My first post which I use to ask for a suitable set of plans that will not need a milling machine. I have a lathe and drill press. My shop is set up for firearms repair so many of the tools I have here will work. I'm interested in steam power as a power source. OK to the point steam turbines, or a horizontal style engine plans are what I seek. Can any one help?


----------



## rake60 (Jul 17, 2010)

Welcome to HMEM John.

One of my earliest engine build was Elmer's Horizontal Mill Engine.
I didn't have a mill in my hobby shop at that time.

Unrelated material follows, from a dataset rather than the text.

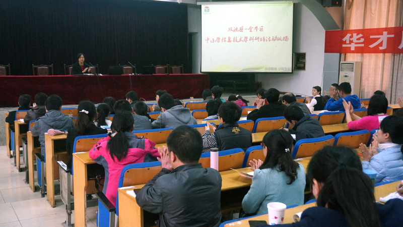 担当本次活动主持的是来自双流中学的邓莎莎老师。活动分为上、下午两个阶段。上午的活动在学术演讲厅开展,全体教师齐聚一堂,共同聆听三位老师的专题讲座并进行了探讨交流;下午的活动在科技楼三楼计算机教室分学段进行。

You can find the plans _*HERE*_

There is some mill work required but the parts are small and easily manipulated.
For the steam chest, I just mounted the stock in my lathe tool post and shimmed
it up and down to use an end mill in the lathe chuck.

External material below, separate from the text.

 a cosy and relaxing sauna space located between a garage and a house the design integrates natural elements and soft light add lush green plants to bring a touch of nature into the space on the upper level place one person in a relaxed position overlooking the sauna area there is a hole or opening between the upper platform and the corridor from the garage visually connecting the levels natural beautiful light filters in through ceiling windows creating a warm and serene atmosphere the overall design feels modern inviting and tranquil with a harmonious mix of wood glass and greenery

For the cylinder port holes, I clamped the stock in the tool post, set the compound at 25° and 
feed the tool post into the drill bit that was held in the lathe chuck.

It was my second attempt of building a running model engine and it looked like
a dog's breakfast when completed. 







Tapped holes were breaking through the sides of the cylinder block.
Piston to cylinder fit was marginal at best.
But it DID RUN with the help of a whole lot of air pressure! 

[ame]http://www.youtube.com/watch?v=Opy7Xrordk4[/ame]

I know for a fact that engine can be built without a mill.
However, seeing it work added to my desire to buy a mini-mill. 
I had one two weeks later. 

It doesn't have to be pretty to hook you on the model engine building
addiction. All is has to do is run once! 



Rick


----------



## john137 (Jul 19, 2010)

Thanks Rick, this will make a great start. Now the project is or will be a porta power unit. Starting small working up to a cased or back pack power unit. This is something just for fun. But who knows what it may become! Eric John Bonilla


----------